Поймав паузу в монологе начальника, письмоводитель подал голос:
– Карл Иваныч, все-таки надо быть при поимке осторожнее. А если у него и впрямь бациллы краденые? Ему терять нечего... А разлетится зараза по всей столице – и Россия вся вымрет...
– Хорошенький подарочек к двухсотлетию Петербурга, – сердито бросил Вирхов. – А вообще-то ты прав, прав, дружок... Надо изловчиться так, чтобы застать супостата врасплох...

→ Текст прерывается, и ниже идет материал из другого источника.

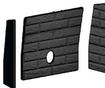
Traditional brick panel kit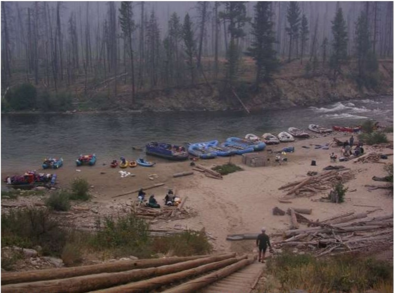
The Indian Creek beach from l to r a pile of boats & gear to be flown out, the PDG's on the river at the same time ( they used our planes to fly out), 2 groups of commercials with a sweep boat, in front the stacked river boxes,

Up at the airstrip there were piles of gear every where. The planes were arriving within minutes of each other, then loading the gear and passengers. On takeoff they were flying out to disappear in the smoke in less than a mile of the strip. When the planes were on the ground a lot of scheduling and load management (will it fit??) was taking place with the pilots. We got quotes of about $2000 to haul our gear, boats, and ourselves out to Stanley, ID. There we hoped to get with our shuttle company to not shuttle our cars to the takeout.

Карл Иванович направился к дверям, снял с вешалки фуражку, поблагодарил письмоводителя, успевшего подскочить, чтобы подать начальнику шинель, и покинул кабинет.
Через полчаса у невзрачного домишки, невдалеке от Поцелуева моста остановились две коляски, из них вышли Вирхов и его помощники, двое в штатском и два городовых в полной выправке. Они свернули под арку, миновали проходные дворы и остановились у неказистого флигеля. Городовой, разыскав дворника, привел его пред светлые очи Вирхова.
– Вот что, братец. – Карл Иванович сурово сдвинул брови. – Я следователь Вирхов. Ты нам должен помочь. Дома ли господин Придворов?
– Утром еще не показывался, – ответил молодой дворник, блеснув узкими татарскими глазами.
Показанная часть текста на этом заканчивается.